Juego del Depredador
- Автор: Фихан Кристин
- Язык: испанский
- Жанр: Триллеры
Электронная книга - «Juego del Depredador». Краткое содержание книги:
Saber Wynter contesta a un anuncio para la estación de radio… el trabajo perfecto de noche para ella. Es afortunada al alquilarle a Jess, el segundo piso de la estación, en donde también puede trabajar como un ama de casa de medio jornada.
Jess pasa la mayor parte de su tiempo encerrado y aislado en su oficina privada. Pero frente a la fragilidad e inocencia de Saber se despierta en su alma, el poderoso deseo de protegerla, cuidarla y… amarla.
– Hay mucho más. Podría pasar días, semanas mostrándote más.
– No sobreviviría a más -dijo, sabiendo que tenía que tenerle una y otra vez. Y quería, incluso necesitaba, más-. ¿Qué me has hecho?
– Nada que tú no me hayas hecho. -Le acarició el pelo y esperó a que dejara de temblar, hasta que los pequeños temblores secundarios disminuyeran a pequeñas ondas-. Cualquier cosa que estés sintiendo, multiplicalo por mil, cara del ángel, y eso es lo que yo siento. -Apagó el motor-. El agua se enfría y vamos a convertirnos en ciruelas pasas.
– Bien -dijo, envolviendo los brazos alrededor de su cuello-. No hemos solucionado los problemas del mundo, pero justo en este momento, no me importa mucho. -Porque, ¿podría él creer realmente que ella le traicionaría si hacía el amor con ella tan completamente? Le besó la garganta y mordisqueó su barbilla.
Jess conservó sus brazos alrededor de ella, sosteniéndola junto a él.

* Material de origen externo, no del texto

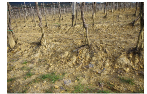
Roots exposed because of soil erosion
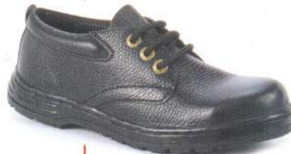
TS 201 < 3" Lace-up Ladies Shoe in Black Barton Print c/w S.T.C.
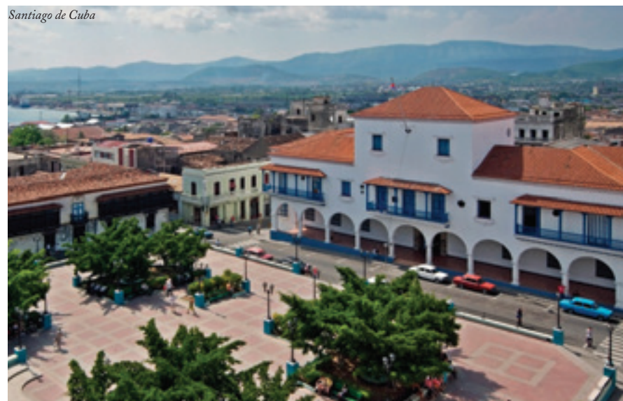
Santiago de Cuba

Santiago is Cuba's second largest City but relatively small; it has long been Havana's rival for literature, music and politics, being the "Cradle of Fidel's Revolution". The city has a lively and cosmopolitan mix of Afro-Caribbean flavours, ideal to walk the narrow streets, admire the colonial architecture and hustle and bustle of daily life on the main square. Music and dance are a fundamental part of local culture. There are modern hotels and small guest houses to use as a base to explore this fascinating city.
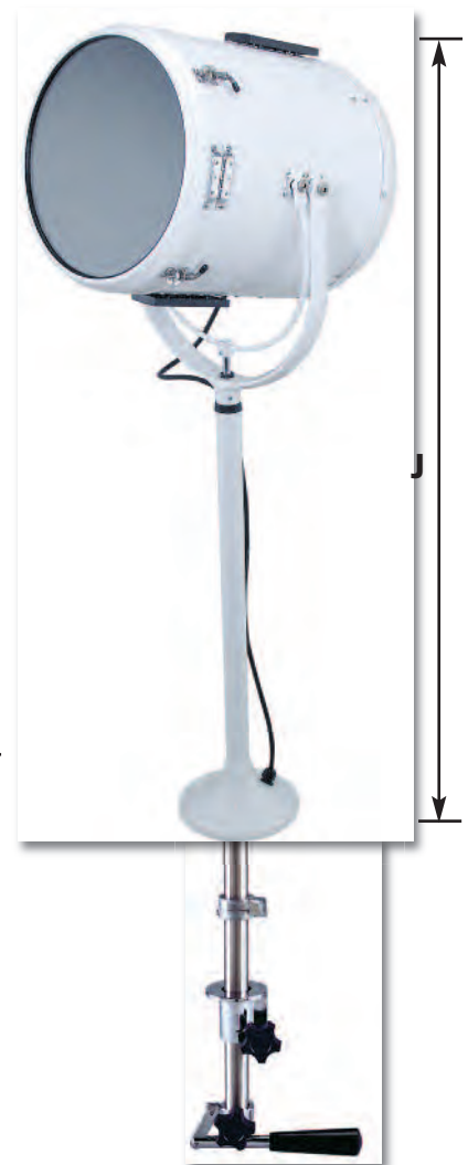
Fig. 0884 High Pedestal White
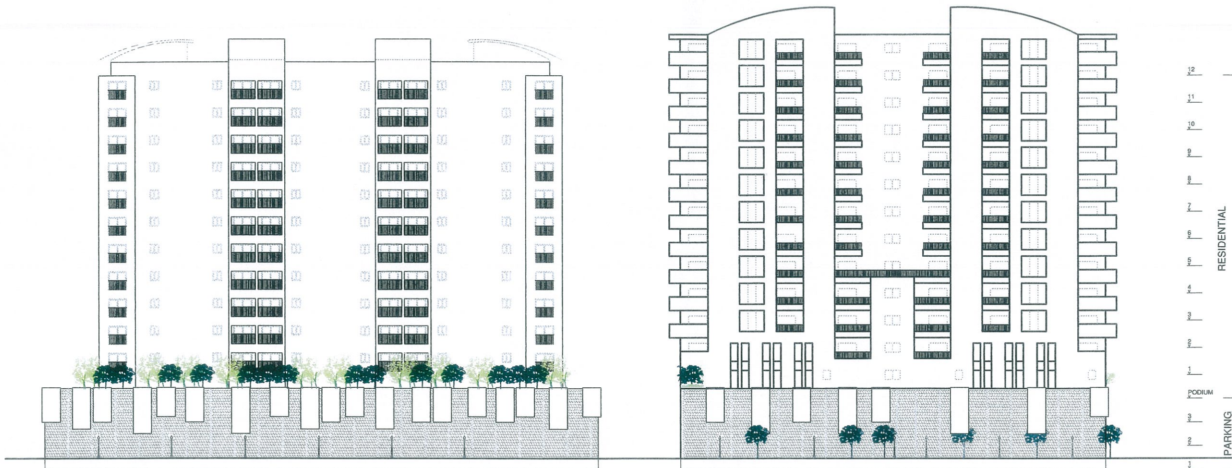
Scheme 2 South Elevation

notes This drawing is the copyright and property of AKS Architects and Engineers Ltd. It must not be copied or published without written consent. Do not scale from this drawing. All dimensions to be checked on site.
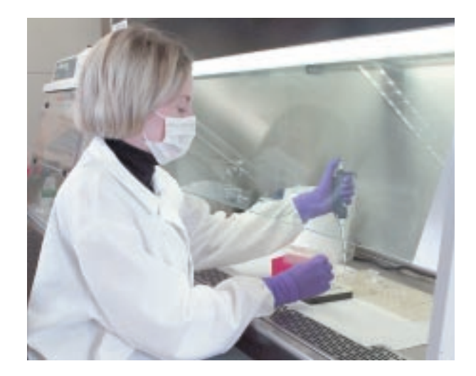
Database. This program analyzes DNA samples from unidentified human remains and from relatives of missing persons. The results are entered into the Missing Persons Indexes of CODIS.

Scientists in DNA Analysis Unit 2 use mtDNA analysis that is applied to evidence containing small or degraded quantities of DNA from hair, bones, and teeth. The results of the analysis are compared to blood and/or saliva submitted from the victims and/or suspects. The Unit examines evidence that prior to developing this technique may not have been suitable for significant comparison purposes using nDNA analysis. The Unit also manages the National Missing Persons

– Has solucionado mis problemas más inmediatos, cariño. Pienso que necesitamos ir a la cama. Es casi la mañana y hemos tenido una noche completa.
Ella levantó la cabeza de donde estaba trazando la línea de los pesados músculos de su pecho con la lengua.
– No tengo cama ahora mismo. No voy a dormir en ese cuarto.
– Claro que no. Pensaba que compartirías mi cama.
Hubo un pequeño silencio y ella se apartó para mirarle. Muy lentamente se deslizó fuera de su regazo para moverse a un lado del Jacuzzi.
– Nunca he hecho eso antes. Acostarme con alguien. ¿No te hace sentirte vulnerable?
– No lo sabría. He tendido sexo con personas, no me acosté con ellas.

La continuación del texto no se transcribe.